ドッグカフェの近くにある広い公園なだけあって、多くの犬が駆け回って遊んでいた。
それを見て今にも駆け出しそうな二匹のリードを外してやると、元気よく走り出していった。
「まるでドッグランだな」
「ね。こっち側の公園きたことなかったけど、こんなに散歩させてる人いたんだね。遊具とかもない芝生があるだけだから遊ばせやすいね。奥の方ではキャッチボールとかしてる親子もいるね」
「いつも行ってる公園も広いと思ってたけど、全然広さが違うな。たまにはこっちにも連れてくるか」
「うん、そうしようよ」
クッキーたちの遊び場が増えるのは嬉しいな。
たまには奏くんと二人だけでデートもしたいけど、クッキーと過ごす時間も大事なんて、欲張りすぎるかな。
「こうやって獅子丸たちを連れてのデートも楽しいな。でも……」
「でも……?」
「次は二人でデートしような。

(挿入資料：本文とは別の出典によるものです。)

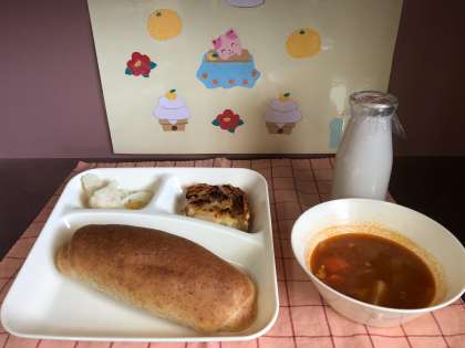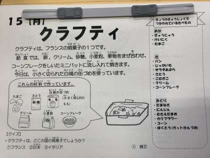 今回は、白桃カット缶づめを使っています。他にも、ミックスフルーツ缶づめやりんごカット缶づめを使ったクラフティも、給食に登場しています。
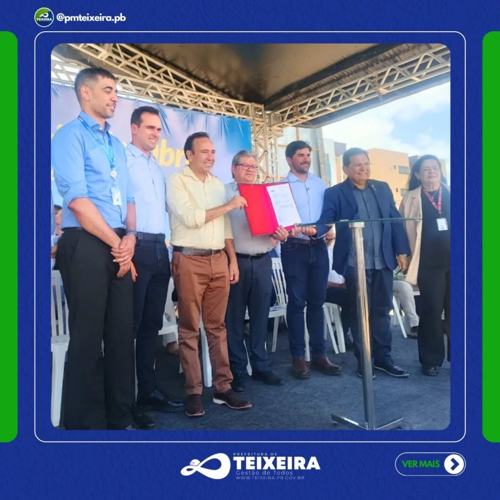 Teixeira será um dos sete municípios paraibanos beneficiados pelo novo programa de habitação popular lançado pelo Governo da Paraíba em parceria com o Ministério das Cidades. A assinatura da ordem de serviço ocorreu na manhã dessa segunda-feira, 24 de fevereiro, em João Pessoa, com a presença do governador João Azevêdo. O prefeito Wenceslau Marques e o deputado estadual Adriano Galdino também participaram da cerimônia.
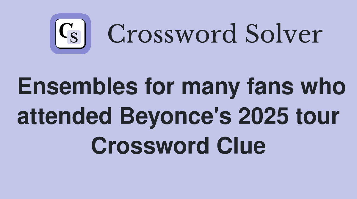 Ensembles for many fans who attended Beyonce s 2025 tour Crossword Clue
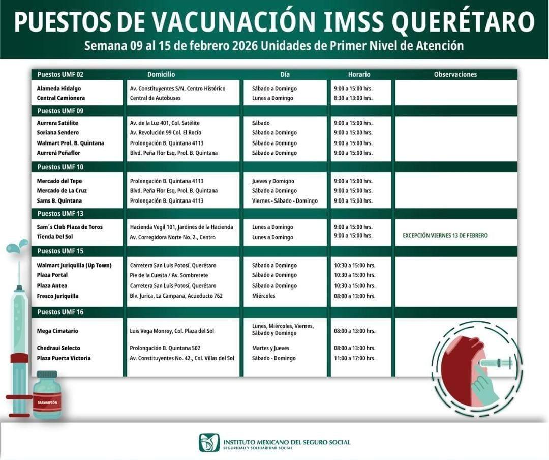 ¡ATENCIÓN QUERÉTARO! Estos son los puntos de vacunación que estarán del 9 al 15 de febrero
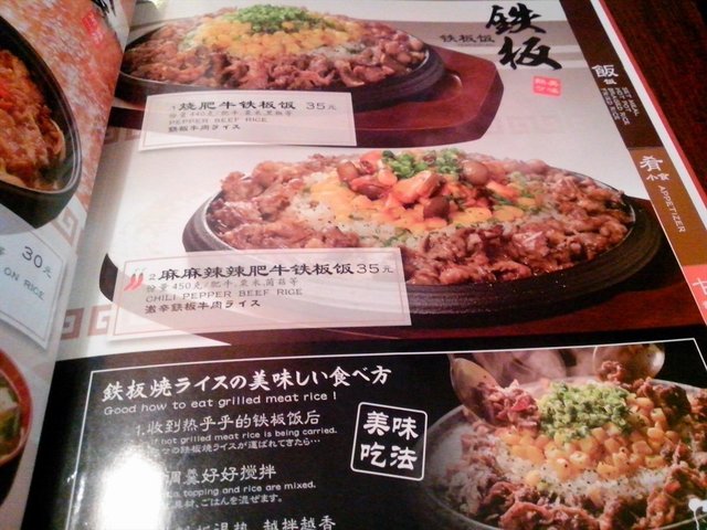 看了看菜单,主食有拉面和饭来量大类,价位大多是三十元上下,感觉小贵哈。小吃大多数都是炸的食物。种类不是太多。菜单上是图文并茂,而且标出了饭食里面的配料,让人一目了然。晚上七点多到的餐厅,里面还是不少的人,大家都是逛街后过来吃东西的吧。我们两个人没有点太多的东西。
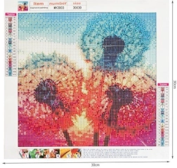 Mozaicul cu diamante este alegerea ideală pentru oricine caută un hobby liniștitor și în același timp satisfăcător. Așezi treptat pietricelele colorate pe grila autoadezivă tipărită în prealabil, urmând simbolurile, iar astfel ia naștere un tablou sclipitor cu motiv de păpădii. Lucrarea finală poate fi înrămată sau agățată ca atare.
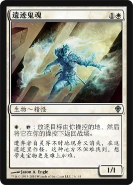 引路羊蹄人通常最适合在游戏前期使我们找到一个非沙漠地,同时将沙漠置入我们的坟墓场。遗迹鬼魂可以让我们云移我们的沙漠,所以即使我们没有抓到任何沙漠,我们也可以继续触发指挥官技能。

その時は、獅子丸たちが行けない場所とかに行くか」
「うん! 楽しみにしてるね」
駆け回っていたクッキーたちが戻ってきて、鼻で鞄をぐりぐりと開けようとしていた。
何が欲しいのかなと、鞄を開けるとフリスビーを口に咥え、投げて? と目をきらきらさせながら見つめてくる。
う……うちの子可愛すぎる……
「よーし、じゃ、獅子丸は俺がボール投げてやるから取ってこい! ほらっ!」
「わんっ!」
小さなボールを懸命に追いかける獅子丸くんを見ながら私もフリスビーを投げる。
「じゃ、クッキー行くからねー。取っておいで」
「わふっ!」
うちの子は体が大きいから走り方が本当に豪快だなと思う。
取りに行った二匹を見つめていると、そっと手が握られる。
「今日は散歩しながらだったから、手繋げなかっただろ? だから、今だけな」
「うん……奏くん。大好きだよ」
「な、急に何を……」
「だって、言いたくなっちゃったんだもん」
「いや、まぁ……俺も好きだけど」
そう言いながら、照れて顔をそらす奏くんは可愛いなとしみじみ思う。
あぁ、本当に大好き。ずっと一緒にいようね。